HOPPER, DENNIS – IN PERSON & ON SCREEN
In its latest major exhibition, ACMI is staging Dennis Hopper and the New
Hollywood , an expansive exhibition showcasing an extraordinary man’s career,
his collaborations and personal art collection, providing an amazing insight
into a formative era of Hollywood.
In the 1960s, a new generation of Hollywood filmmakers changed the face of
American cinema with the content, marketing, consumption and distribution of
films. Creative control shifted from producers to directors, many of whom were
young, film-school graduates with a passion for film history, art and the New
Wave. What film was about, who it was for, and how it could look all came under
scrutiny in an era famed for its anti-establishment and counter-cultural values.
This was ’The New Hollywood’, and right at its centre was Dennis Hopper and his
extraordinary film, Easy Rider (1968). With its super-low budget and rock n’
roll soundtrack, Hopper’s directorial debut quickly reached cult status. The
aesthetic of the road, already mythologised by the New York Beats in the 1950s,
took on new connotations in the Californian underground, mingling with aspects
of Pop Art, radical politics and the great mythology of the American dream.
ACMI Director, Tony Sweeney, said: “ACMI is excited to present this
Australian-exclusive exhibition celebrating the work and life of a truly
extraordinary filmmaker and artist. The exhibition allows us to engage in great
depth and detail the catalogue of work by a courageous artist, reflecting on a
bygone era which radically influenced the film industry that exists today.”
"a painter and prolific photographer"
In this unique exhibition, Dennis Hopper’s remarkable body of work is put
into context. As a ‘New Hollywood’ visionary and actor, Hopper has occupied a
key place in American cultural production from the 1950s to today. He has
collaborated with a vast range of artists, musicians, actors, architects and
filmmakers over the past forty years, most notably with Francis Ford Coppola,
Marcel Duchamp, Frank Gehry, Jack Nicholson, David Lynch and Wim Wenders.

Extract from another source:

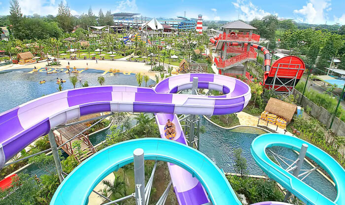 Jogja Bay Waterpark merupakan taman air terbesar di Jogja dengan luas 11 hektar dan 19 wahana air. Selanjutnya, taman ini juga memiliki wahana yang seru yaitu bajak laut. Dan juga memiliki berbagai elemen yang akan membuat anak-anak tertarik untuk menginap disini.

Hopper is also a painter and prolific photographer, exhibited worldwide. He has
taken portraits of artists such as Andy Warhol, Roy Lichtenstein and Julian
Schnabel, published covers for magazines including Vogue and Artforum and
documented hundreds of artistic performances, graffiti-sites and political
uprisings. Hopper is the photographer behind some of the world’s most recognised
images of icons like Martin Luther King Jnr, Paul Newman and James Brown.
The exhibition traces the paradoxes of an America undergoing transformation –
from pop culture to suburban subculture, psychedelia to slam poetry, rebellion
to disillusionment. The exhibition brings together Hopper’s own photography and
film work as both director and actor — including films such as Rebel Without a
Cause (1955), Blue Velvet (1986), Apocalypse Now (1968) and the Australian
production Mad Dog Morgan (1976) — with Hopper’s exceptional private collection
of contemporary art. Dennis Hopper’s own work is shown alongside paintings,
photographs and sculptures by major American artists such as Andy Warhol, Ed
Ruscha, Jasper Johns, Roy Lichtenstein and Jenny Holzer.
Dennis Hopper and the New Hollywood was originally produced by the Cinémathèque
Française, in association with Dennis Hopper, Easy Rider Productions, and
curated by Matthieu Orlean. For its Melbourne presentation, the exhibition will
feature a film season and a series of public programs, talks and workshops.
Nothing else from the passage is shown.